Gregor took Bennis by the wrist and began to lead her gently toward the bow. With the sails up, the boat had begun to rock again, although without the force or eccentricity of the night before. He rolled easily into it, as if he’d been walking on boats all his life. It was incredible how fast it had begun to seem natural. On the other hand, he was glad he didn’t have to test it against something really violent, like a storm.
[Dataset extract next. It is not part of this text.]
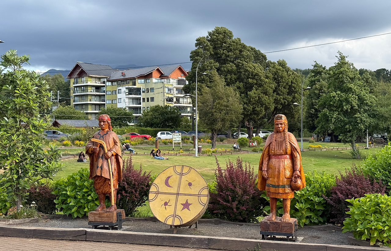 테라스에서 담배를 물고, 대문을 열고 나가는 노인과 눈인사를 했고, 잠시 뒤에 나도 대문을 열고 길로 나와 비야리까 화산 쪽을 쳐다봤다. 낮게 드리워진 구름이 화산을 거의 전부 가리고 있었다. 이상한 모자와 복장을 하고 긴 머리를 한줄기로 땋은 여인이 종아리를 드러내고 어울리지 않는 까만 구두를 신고 나를 지나쳐 가는 것을 보면서 저 복장이 마푸체족 전통 복장인가 했던 것도 기억났다.
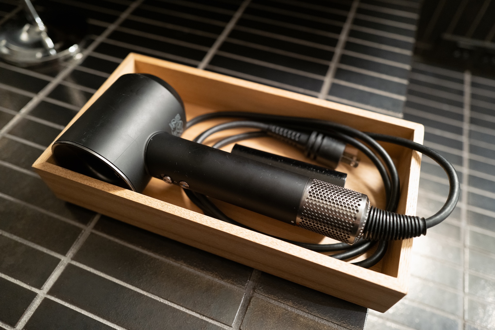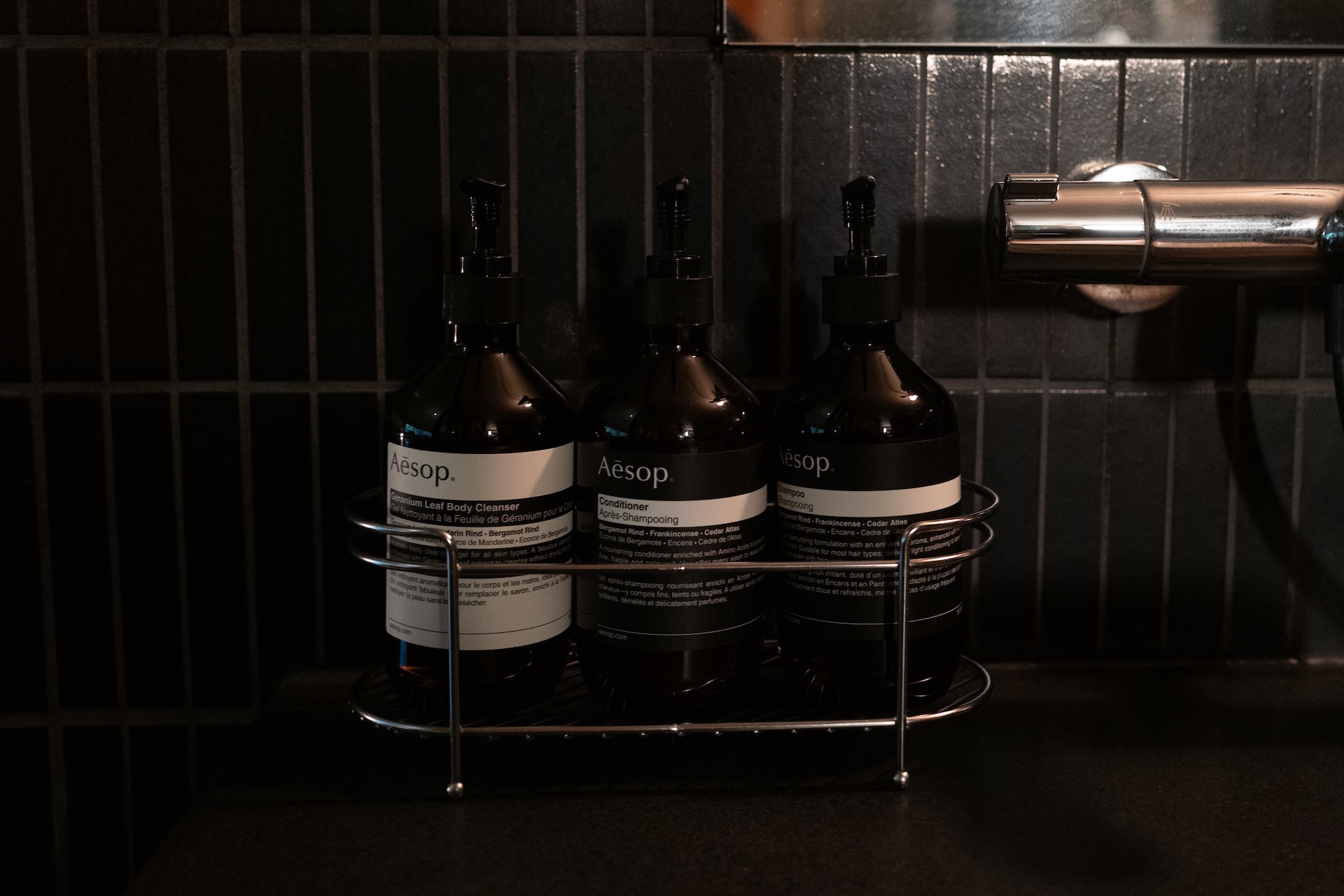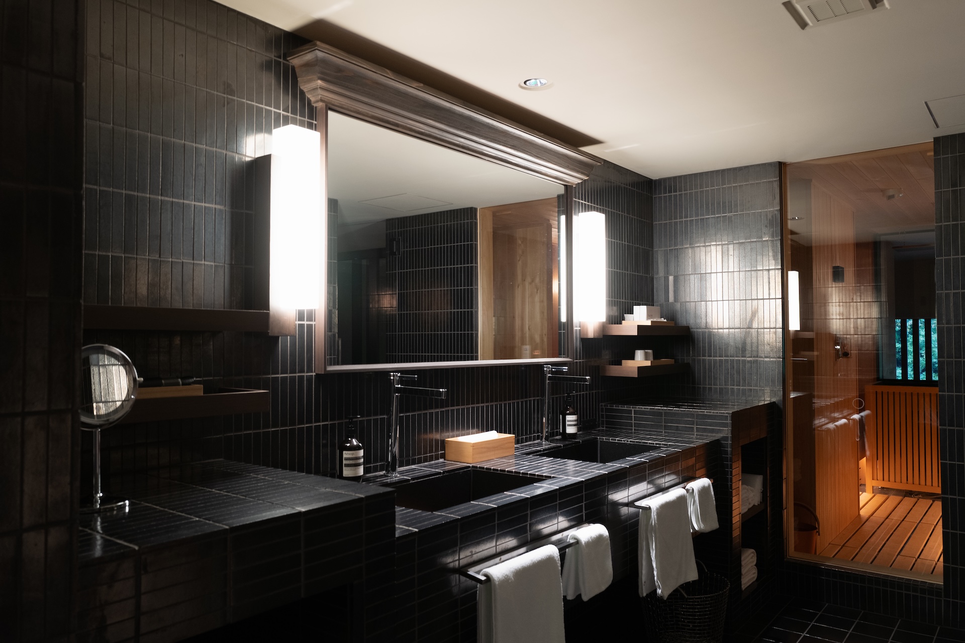 洗面台は黒タイルに銅板風のシンク。モダンでかっこいい反面、実用面ではやや重厚感が勝ちすぎる気も。ただ、アメニティがAesopというのはテンションが上がります。香りがいいとそれだけで「旅の気分が上がる」という方、多いはず。ドライヤーはDysonで、家と同じモデルだったので安心感も。

The bow was only a little way up from where they had been standing, although not in the direction Bennis had indicated when she’d pointed out the body of Calvin Baird. Calvin was standing next to the piled up tables and chairs and equipment that blocked passage from the rest of the deck to the bow on the port side. They had to go through the narrow space on the starboard side, as they had been since that first morning.
Bennis came up behind him and whispered in his ear, “I was just thinking of something. The Murder on the Orient Express.”
“What about it?”
“Well, I just hope this isn’t like that. I mean, that’s the one where everybody did it, do you remember? Except they were on a train, not a boat. Well, if I’d been those people and I were on a boat and not a train, what I’d do is take Hercule Poirot and just throw him overboard.”
“What would you do with Hercule Poirot’s favorite sidekick?”
“Throw me over, too, I guess,” Bennis said.
Gregor sighed. “Then you’d h
ave three deaths to account for instead of one, and with the confusion about jurisdiction you’d have at least three separate law enforcement agencies looking into it, and then one of your coconspirators would break down under questioning—”
“All right,” Bennis said peevishly. “For God’s sake, Gregor, it was only a suggestion.”
“Limit your suggestions to new magic powers for unicorns. And while you’re not suggesting things, do me a favor. Block this passage.”
“Why?”
“So that nobody can get out, why do you think?”
“Gregor—”
Gregor sighed again. “I am going to go in there,” he said, “and behave just like your Hercule Poirot. I am going to give a presentation, and I am going to name a murderer—and I daresay the name won’t come as a surprise to at least half the assembled company. Doing that sort of thing in real life has a few unfortunate side effects, one of which is that key parts of your audience have a tendency to bolt. I want you to block this little passage up so that that’s nearly impossible, or at least a lot of work. Can you do that?”
“If you give me time. Do you really think Jon Baird is going to try to run off somewhere? Where would he run?”
“It’s not Jon Baird who’s going to try to run off somewhere,” Gregor said, and then, because he really didn’t have any more time, he turned away from her astonishment. If Bennis wasn’t so damn convinced that she would make a wonderful amateur detective, right along the lines of one of those new hard-boiled female private eyes, she wouldn’t spend so much of her time astonished.